◆ **PROBLEM TO WORK ON**
Starting at the line with "신규로 조성된 다목적 운동장에 옥외용 라인어레이 스피커를 설치하였습니다." and ending at the line with "Wanneer de LUNA", print exactly the lines of the entries below. Pictures do not belong in the copy.

◆ **EXTRACTED MATERIAL**
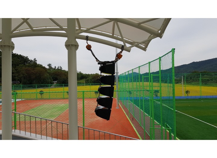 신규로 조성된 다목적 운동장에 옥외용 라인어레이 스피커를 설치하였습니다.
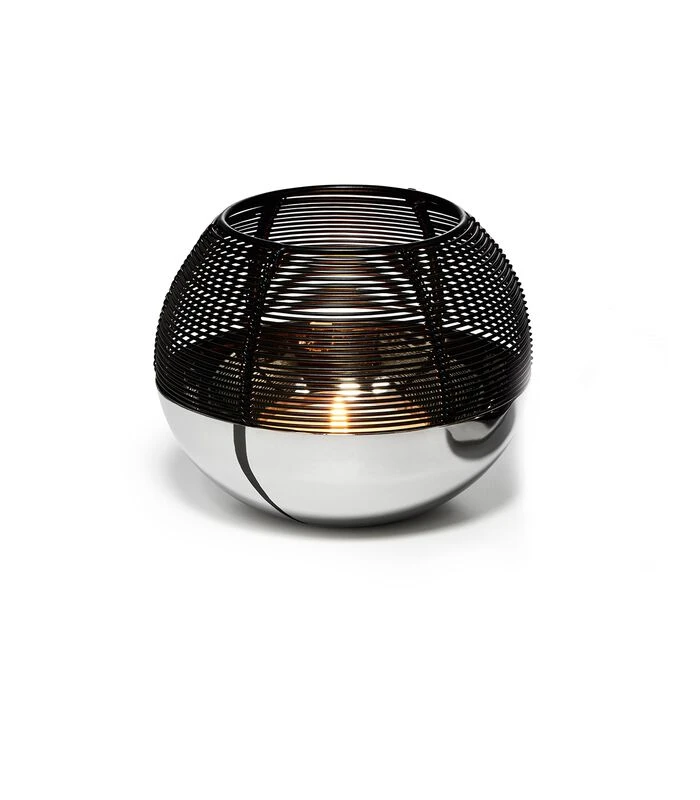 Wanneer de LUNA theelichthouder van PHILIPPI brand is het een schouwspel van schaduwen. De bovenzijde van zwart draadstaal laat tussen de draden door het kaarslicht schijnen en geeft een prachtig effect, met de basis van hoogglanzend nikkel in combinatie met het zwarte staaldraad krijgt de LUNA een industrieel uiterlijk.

---

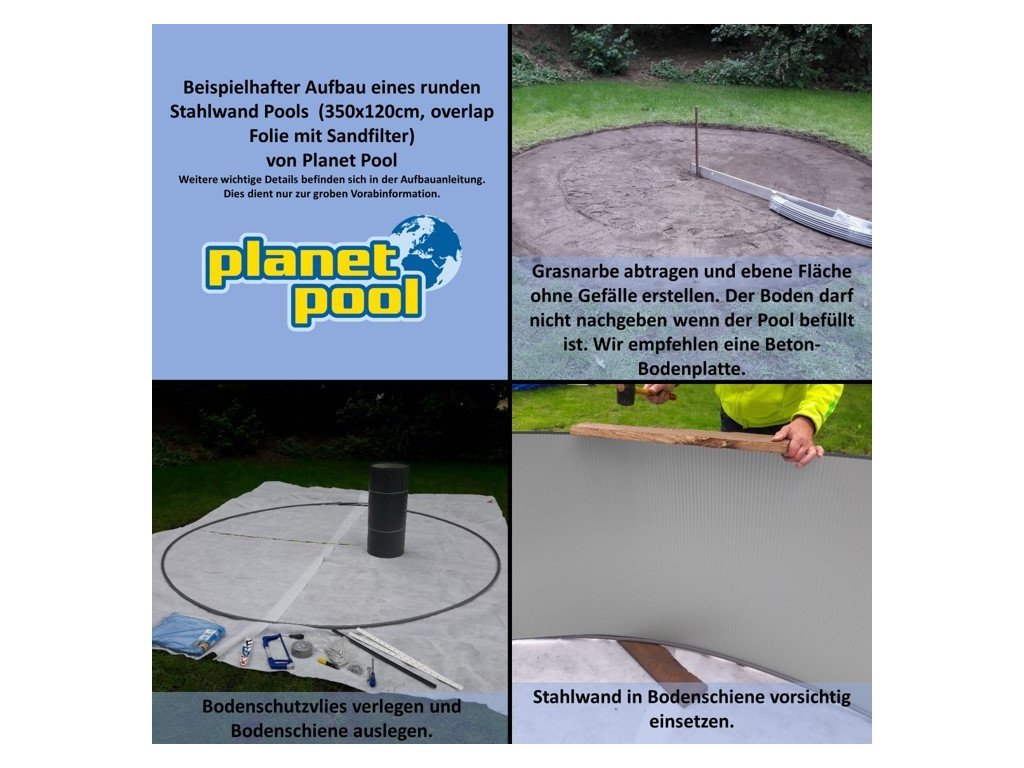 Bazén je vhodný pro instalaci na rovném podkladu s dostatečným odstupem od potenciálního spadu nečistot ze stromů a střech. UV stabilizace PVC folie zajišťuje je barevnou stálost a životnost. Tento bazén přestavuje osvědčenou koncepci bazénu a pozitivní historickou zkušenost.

◆ **RESPONSE BELOW**
 신규로 조성된 다목적 운동장에 옥외용 라인어레이 스피커를 설치하였습니다.
 Wanneer de LUNA theelichthouder van PHILIPPI brand is het een schouwspel van schaduwen. De bovenzijde van zwart draadstaal laat tussen de draden door het kaarslicht schijnen en geeft een prachtig effect, met de basis van hoogglanzend nikkel in combinatie met het zwarte staaldraad krijgt de LUNA een industrieel uiterlijk.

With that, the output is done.